Figure 7. Evidence for the separation of slow processes, i.e., changes in amplitude and midpoint of whisking, from the fast rhythmic oscillation

(A) Decomposition of whisking into rapidly and slowly varying parameters via the Hilbert transform. Top panel shows vibrissa position along with its decomposition into the amplitude, θ_amp, and midpoint, θ_mid, of the envelope (gray band). The lower trace shows the phase, ϕ, along with broken vertical lines indicate wrapping of phase from π to –π. Adapted from Hill et al. (2011). (B–D) Effect of a cannabinoid receptor type 1 agonist and an antagonist on whisking amplitude but not frequency. Panel B shows typical traces of vibrissa angle executed by an animal four hours after administration of either Δ⁹-THC, an agonist (dark gray), vehicle (black), or SR141716A, an antagonist (light gray). Vertical calibration bar corresponds to 50°. Panel C shows the cumulative probability distribution function of protraction amplitudes across all animals; note the significant effect of agonists and antagonist. Panel D shows the cumulative probability distribution function of the period (inverse of frequency) of whisking across all animals; note the lack of a significant effect of agonists and antagonist. Panels adapted from Pietr et al. (2010). (E, F) Effect of lesioning the vIRt in one hemisphere (Fig. 4a,b) quenches rhythmic whisking yet does not interfere with changes in midpoint. In panel E, the midpoint of the motion (red) is seen to track between the two sides of the face. In panel F, lesion of the vIRt of the left side only prevents whisking on that side. Yet the midpoint of the vibrissae of the right and left side of the face continue to track each other. New data obtained with the methods in Moore and Deschênes et al. (2013).
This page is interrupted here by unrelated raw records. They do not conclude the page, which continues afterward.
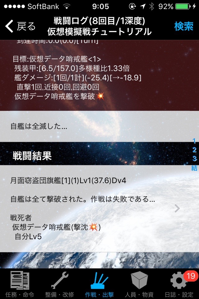 負けてからが本番になります。日誌は膨大になりますが、その中から負けの原因を突き止め、それを補う作戦を考え、装備や乗員を采配してください。ログ内検索システムを備えていますので、役に立つと思います。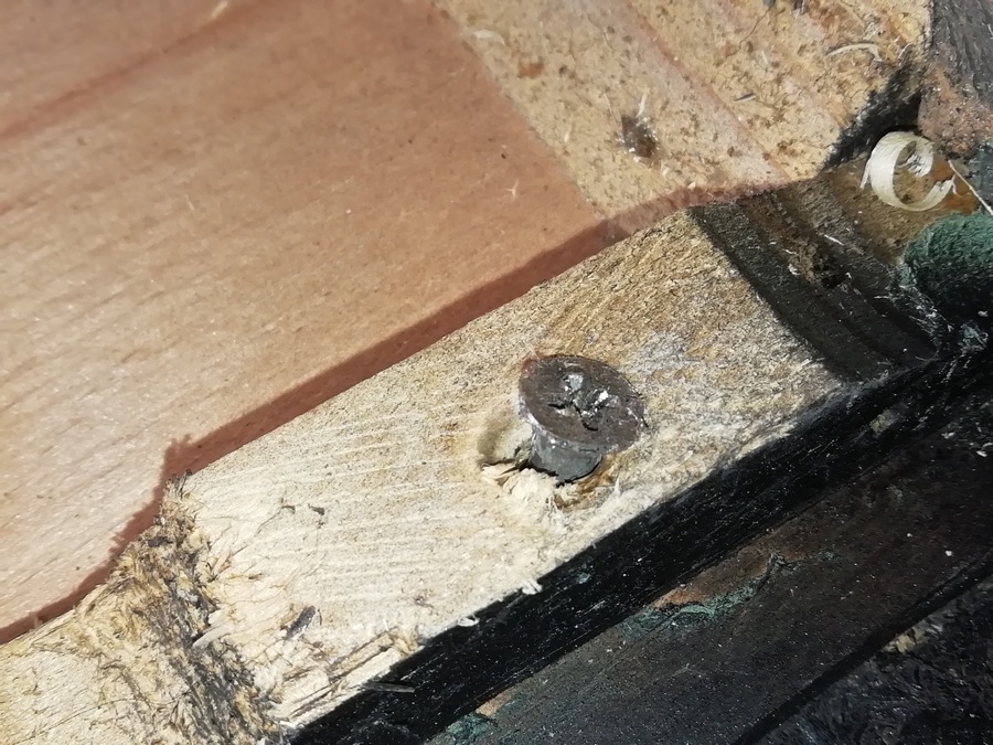 А вот второй сидел глубоко и пришлось снимать слой рейки, чтобы зацепиться плосками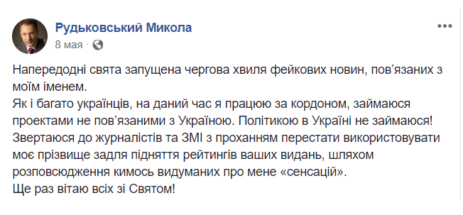 "Запущена очередная волна фейковых новостей, связанных с моим именем. Как и многие украинцы, в настоящее время я работаю за границей, занимаюсь проектами, не связанными с Украиной. Политикой в Украине не занимаюсь! Обращаюсь к журналистам и СМИ с просьбой перестать использовать мою фамилию ради поднятия рейтингов ваших изданий, путем распространения кем-то выдуманных обо мне "сенсаций", - написал он в Facebook 8 мая.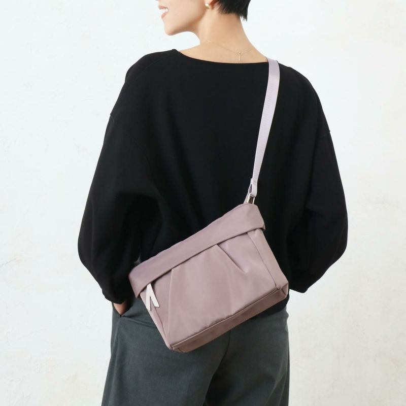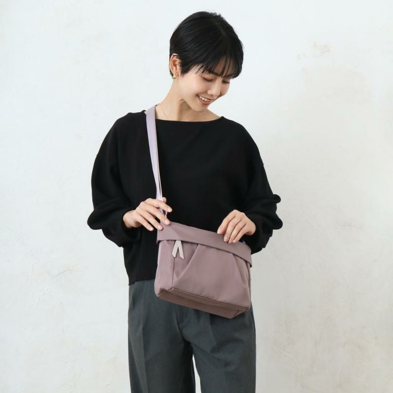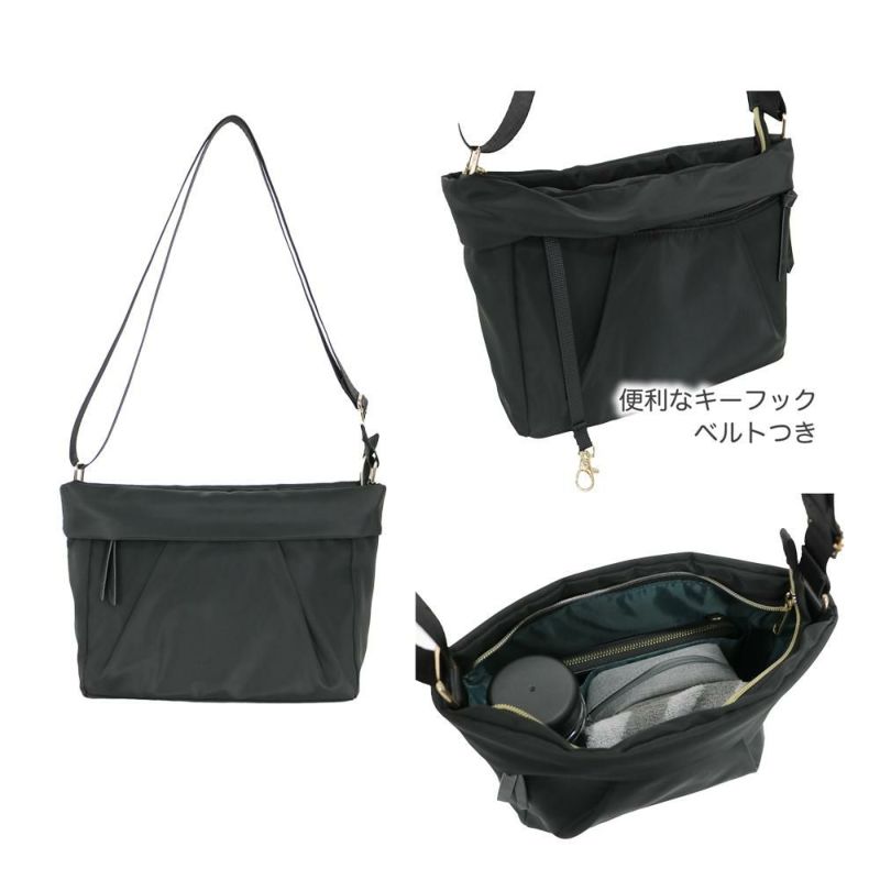 光沢生地を使った口折れデザインが特徴的なレイヤードショルダーです。レイヤード部分にはキーフック付きのファスナーポケットが程よいサイズ感で普段使いにぴったりなキレイ目ショルダーです。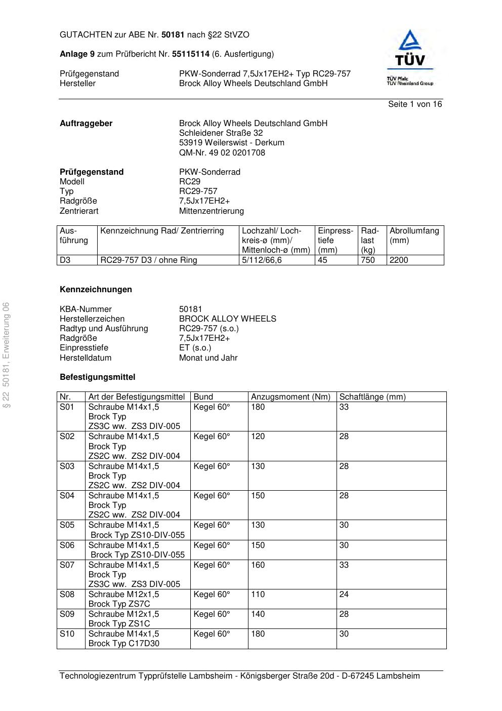 Dieses Gutachten (abe) bezieht sich auf die Alufelge Brock RC29-757 in der Ausführung ET 0, Mittenloch 0 mm (KBA 50181). Im PDF findest du typischerweise zulässige Reifengrößen, Auflagen/Anbauhinweise und – je nach Dokument – Hinweise zur Eintragung.
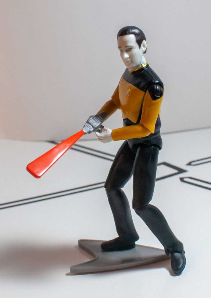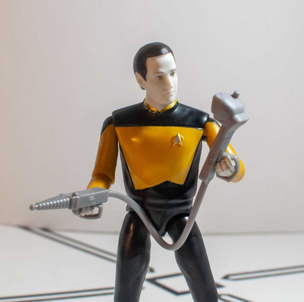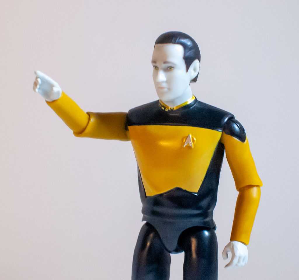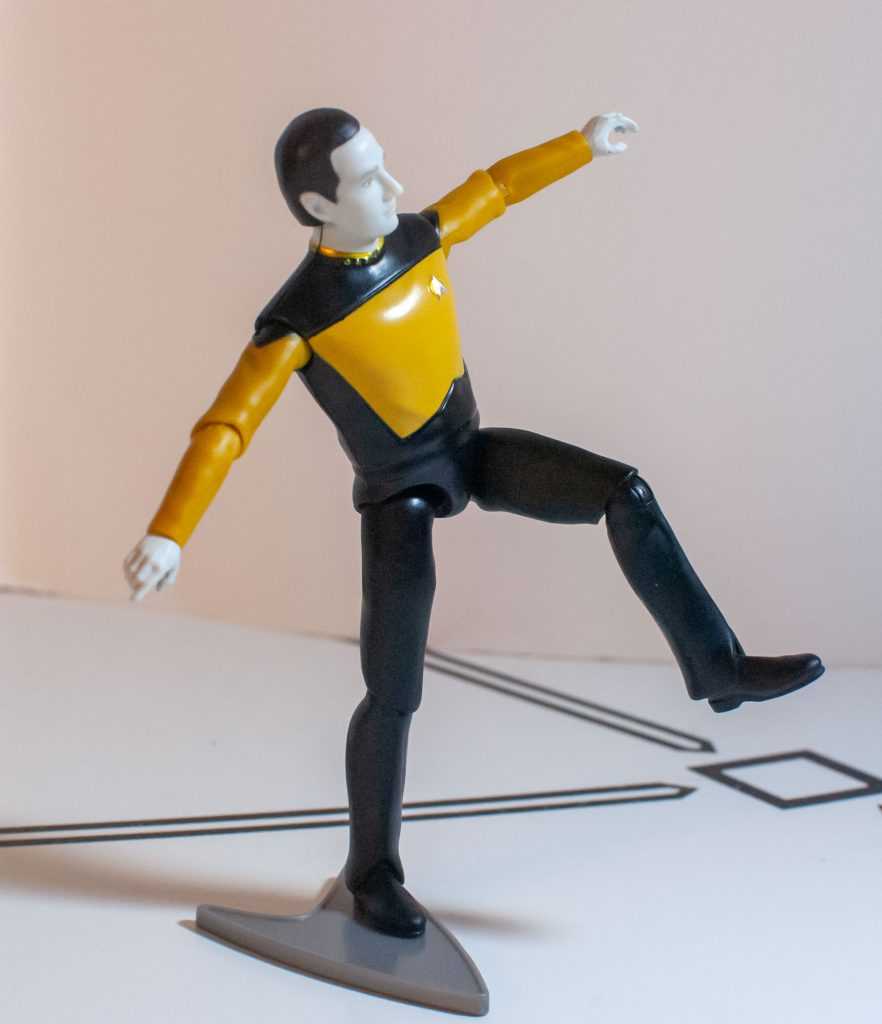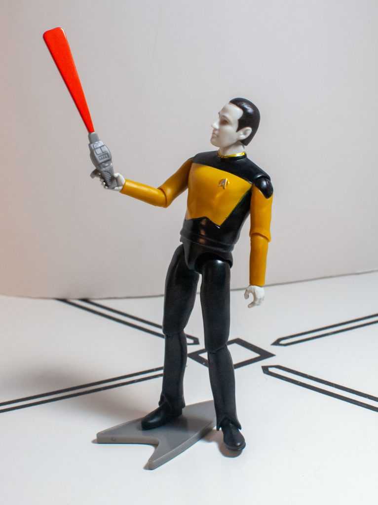 Granted, Data was never exactly a man of action, so I guess the joints he has work well enough for him, but it’s a very odd set of choices, and feels strangely limited. I can’t even claim it’s a homage to the original Playmates figures, because those guys had waists on them.

Figure 8. The vibrissa area of motor cortex codes the slowly varying midpoint and amplitude of whisking

All panels adapted from Hill et al. (2011). (A) The scheme used to measure the spiking activity of units in agranular motor cortex as body constrained animals rhythmically whisk in air. Vibrissa position is determined from videography. Single units, indicative of spiking by an individual neuron, are extracted from extracellular micro-wire recordings. (B) Example records. (C) Firing rate profiles for two example units as a function of amplitude and midpoint of vibrissa motion. The two rows are profiles of units that show different relative modulation. Each plot is calculated by dividing the distribution of the respective signal at spike time by the distribution of that signal over the entire behavioral session. Green lines are fits from a smoothing algorithm along with the 95 % confidence band. (D) Composite data across units illustrates that, on average, the rate is unaffected by whisking, consistent with the presence of units that both increase (green) and decrease (red) their rate with increasing angle.